BEGIN MATERIAL PROVIDED
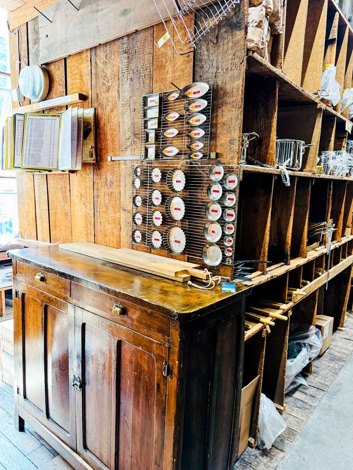 I think the most charming thing about E. Dehillerin is that it feels like a working kitchen supply store rather than a curated boutique. Old wooden shelves run from floor to ceiling with every imaginable cooking tool. The aisles are narrow, really narrow. Which gives it an intimate kind of vibe. You’ll find copper pots, boxes and boxes of Staub Pots, kitchen whisks in all sizes, an assortment of tart tins (more than you ever knew existed), a large selection of other kitchen utensils, and baking pans in every size and shape.
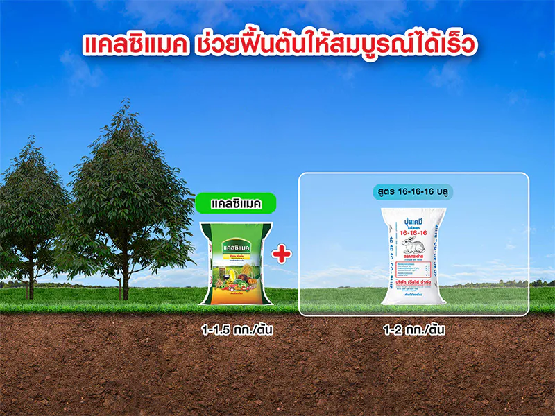 “แคลซิแมค” (สารเพิ่มประสิทธิภาพพืช) เป็นสารที่ช่วยส่งเสริมการเจริญเติบโตของพืช ทำหน้าที่ควบคุมการทำงานของกระบวนการต่าง ๆ ภายในพืช ไม่ว่าจะเป็นการบำรุงเซลล์และผนังเซลล์ ที่ช่วยให้พืชแข็งแรง รวมทั้งการสร้างเซลล์ใหม่เพื่อให้พืชเจริญเติบโตได้ดี โดยหน้าที่ของ“แคลซิแมค” (สารเพิ่มประสิทธิภาพพืช)นั้น ช่วยให้พืชดูดซับธาตุอาหารได้ดี มีความสมบูรณ์ขึ้น ทนต่อสภาพอากาศที่แปรปรวน และต้านทานโรคและแมลงได้ดี จึงแนะนำบำรุงร่วมกับปุ๋ยเคมี ตามระยะการเจริญเติบโตของพืชที่เหมาะสม
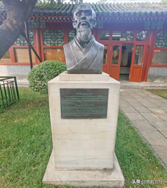 从古观象台下来,回到四合院,一进门右侧石碑是1905年立的,记录义和团事件后,观象台损失了一部分仪器,为了延续天文观测,需要再造地平经纬仪和天体仪,因财政困难只能造原来大小的一半的仪器,还列出了所需的各类款项。四合院中两侧是天文学家塑像,都是历史名人祖冲之、南怀仁、张衡、汤若望等。院内陈放着明代铜制浑仪和简仪的1:3复制品,以及郭守敬正方案1:3复制品。还有各种天体仪器的复制品,其中月晷和星晷比较少见,月晷是观测月球方位变化来定时的工具。星晷是夜间利用观测恒星来定时的工具。
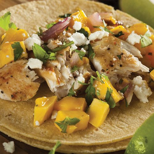 - Assemble tacos with fish, mango mixture, drizzle of spicy ranch, crumbled cheese, and lime wedges. Serve immediately.
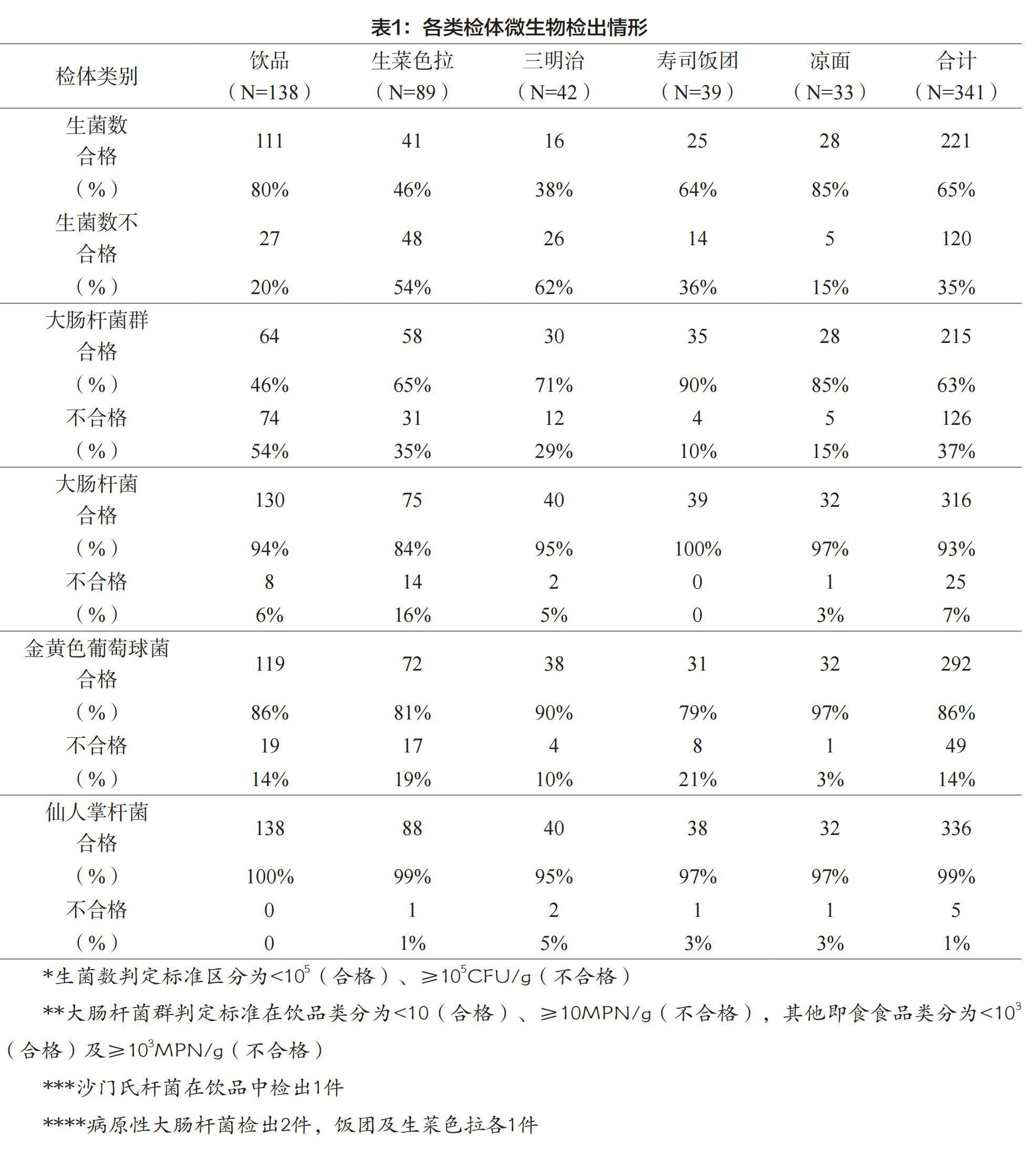 随着社会快速发展,人们的饮食方式也随之改变,为满足人们对于“迅速”与“食品多样”的要求,各种熟食及饮品等即食食品越来越多。然而这些即食食品在生产过程中若不注意卫生就很有可能被微生物污染,导致食品中毒事件的发生。本文为了解即食食品的卫生质量与食用安全性,在A地区的超市、便利商店、快餐店进行采样,检验项目涵盖食品中微生物及病原性微生物,包括生菌数、大肠杆菌群、大肠杆菌、金黄色葡萄球菌、仙人掌杆菌、沙门
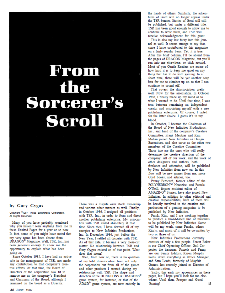In this last column, Gygax explains where he has been and how he was let go from TSR, how he hasn’t contributed to the creative efforts of TSR since October 1985 and how he completely left the company one year later in October 1986. He also talks about his new endeavour, New Infinities , a short-lived game company through which he published some stuff that we will cover here in the future, namely the remaining Greyhawk novels featuring Gord, the Rogue. I know it isn’t official TSR material, but it would feel wrong not to cover stories set in the original setting for AD&D by the game’s own creator, so I’ll do that! (I’m now finishing Sea of Death which will be covered here soon).
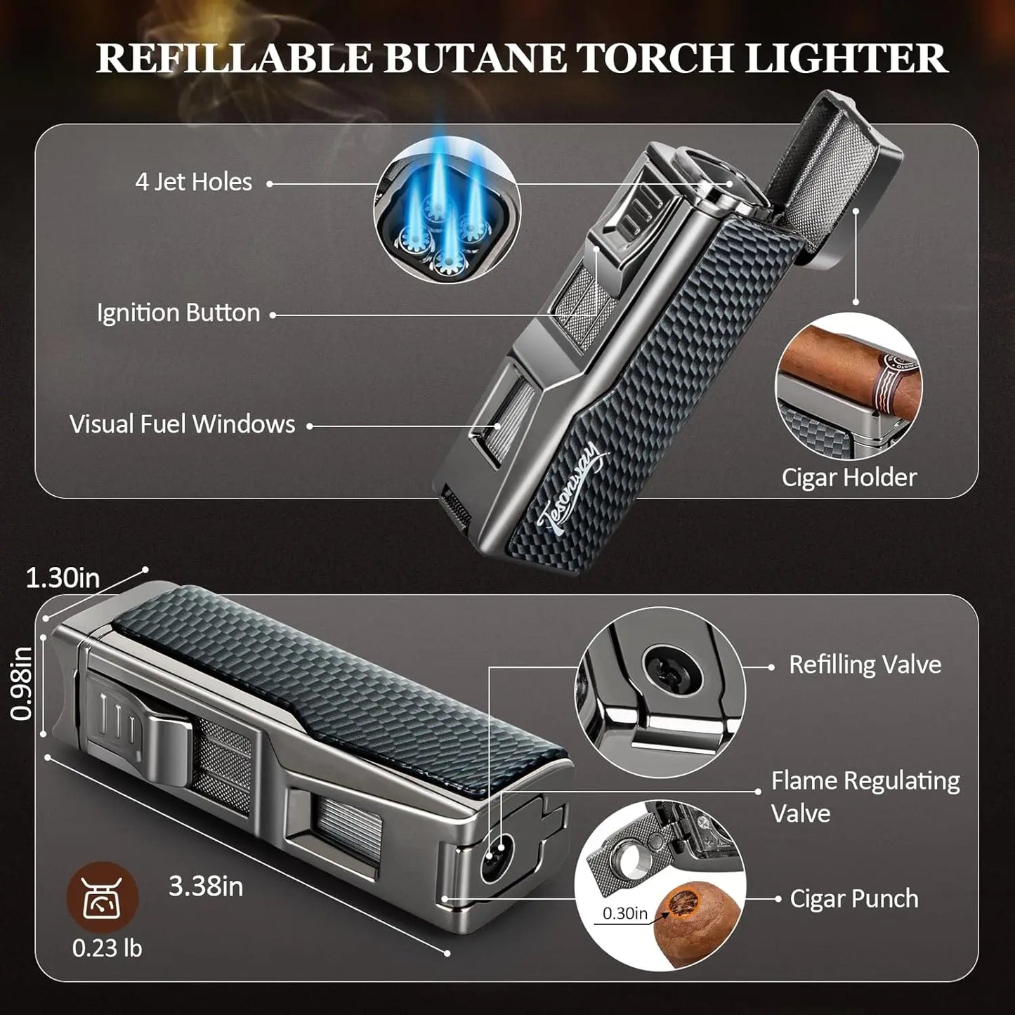 🔥【Multi-Function Cigar Torch Lighter】Powerful four-jet flame lighters, its top safety cover is cleverly designed as a cigar holder to hold your cigar securely. The body has a visual fuel window to monitor the fuel level, a folding cigar punch at the bottom for fast and sharp cigar punching, and a flame adjustment valve to adjust the flame size to meet your needs in all aspects. (Note: Lighter does not contain butane)
END MATERIAL PROVIDED
## DIRECTIONS FOR THIS TASK
With the pictures removed, print only the lines starting at the line that has "- Assemble tacos" and ending at the line that has "随着社会快速发展,人们的饮食", both ends included, exactly as they stand above.

## SOLUTION BELOW
 - Assemble tacos with fish, mango mixture, drizzle of spicy ranch, crumbled cheese, and lime wedges. Serve immediately.
 随着社会快速发展,人们的饮食方式也随之改变,为满足人们对于“迅速”与“食品多样”的要求,各种熟食及饮品等即食食品越来越多。然而这些即食食品在生产过程中若不注意卫生就很有可能被微生物污染,导致食品中毒事件的发生。本文为了解即食食品的卫生质量与食用安全性,在A地区的超市、便利商店、快餐店进行采样,检验项目涵盖食品中微生物及病原性微生物,包括生菌数、大肠杆菌群、大肠杆菌、金黄色葡萄球菌、仙人掌杆菌、沙门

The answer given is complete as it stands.